At one time it seemed that highly-trained scientists who also required significant hands-on skill would be safe from robotization. But now these professions are also coming under threat from the advance of robotic technologies. What are these new technologies that can automate even professions with such a high degree of complexity? Evidence of what may befall highly-trained professionals can be seen in the example of embryology in the field of assisted reproduction.
New technologies in the assisted reproduction laboratory
The arrival of genomics linked to information technologies and the maturity of robotics and nanotechnology is what may ultimately put an end to this balance of forces that enables skilled and also hands-on work in the laboratory. To illustrate this idea, the embryologist is a good model of a someone performing a highly-skilled job that could disappear due to the emergence of new technologies. What are these technologies?
In the 1960s, Gordon Moore formulated the law to which he gave his name, which stated that the number of transistors per microprocessor doubles each year, while their cost is reduced by half every 18 months. This fact has been proven empirically, and has also spread as far as genetic sequencing with the Human Genome project: between 2005 and 2015 the cost of sequencing a genome fell from 10,000 dollars to only 1,000.
The cost of nanotechnologies in robotics has also fallen, so an old project dating from the 1990s such as the robotization of intracytoplasmic injection or ICSI (where the sperm are injected directly into the cytoplasm of the egg) is now feasible. Nor is it now merely science fiction to imagine –for example– the vitrification or automatic freezing of eggs to preserve fertility.
Knowledge can also be automated. The embryologists’ climactic moment is the selection of embryos based on their morphology and other factors, and yet algorithms such as the one developed by Auxogyn in Eeva (time-lapse microscopy and image analysis in basic and clinical embryo development research. Reproductive Biomedicine Online 2013) allow the viability of the embryos to be predicted very reliably.
Additionally, the combination of robotic technology and microfluids (“lab on a chip”) makes it possible to analyze and monitor the health of the embryos, identify metabolites and other biomarkers, measure oxygen consumption or use microfluids to control the flow of (nano) pumps and (nano) valves.
The new tasks of the robot embryologist
Between 2020 and 2025 these technologies are expected to be able to automate the handling of liquids (pipetting), move small volumes horizontally at will (microfluids), facilitate computer-assisted follicle puncture, allow the placement and safe movement of eggs, and detect sperm flagellar movement.
Now in the realm of science fiction, but still plausible, it is believed that by 2030-2035 technology could automatically handle liquids and embryos, move small volumes at will in any direction, conduct biopsies, carry out complete and ultrafast genotyping, analyze the viability of embryos, and make computer-assisted ultrasound images. There is even speculation about the potential creation of artificial uteruses, as reported in The Guardian in its edition of April 25, 2017. In the animal world, a Japanese team already succeeded in developing the artificial gestation of a goat in 2013 (see the preliminary work of Sakata et al., 1998).

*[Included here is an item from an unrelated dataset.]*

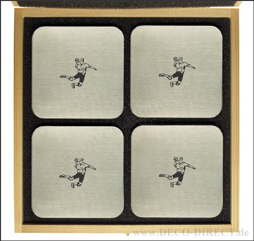 DECO DIRECT® 4er-Set Untersetzer Handball aus Edelstahl, quadratisch mit abgerundeten Ecken, jeweils 95 x 95 mm, in exklusiver Holz-Geschenkverpackung (22,5 x 22,5 x 3,5 cm), Gravurempfehlung: auf Untersetzer / auf Holz-Geschenkverpackung, Bestellnummer: 76170120

However, all industries and sectors have seen a strong drive toward automation since the Industrial Revolution, and the assisted reproduction laboratory is no exception. The technology is now mature because technology, biotechnology and pharmaceutical companies have invested in it. This will mean job losses for embryologists, and those who manage to keep their jobs will gradually lose skills and perform increasingly routine tasks, just as has occurred in other industries.
The skills downgrade in embryology
In 1974, in “Labor and Monopoly Capital”, Harry Braverman described what we know now as the process of deskilling skilled labor. Braverman was talking about the tasks of industrial workers, but the principle can be generalized to all environments where technology has transformed working processes. According to Braverman, workers possess a skill or craft which goes beyond mere dexterity or the ability required to perform a job. Experience not only brings mastery over materials and methods, and the knowledge of how to improve them, but a whole network of connections and social relations inside and outside the world of work that allow us to solve the problems and challenges posed by the job.
This fact been observed not only in the factory –for example by the anthropologist Michael Burawoy in the 1970s– but in much more technified environments such as call centers or the videogame industry, as in the interesting work by Bonnie Nardi. According to Braverman’s thesis, when we move from a model of skilled work to another more industrialized one based on standardization and repetition, workers undeniably become more efficient, but the skill or craft becomes redundant.
Returning to embryology, the experience has not yet been tried in the reproductive laboratory, but it is about to begin, thanks to industry 4.0. Technology has reached a point where this highly-skilled and craftsmanlike scientific work can be automated, leading to a possible surfeit of jobs, while the embryologists who remain will undergo Braverman’s deskilling process.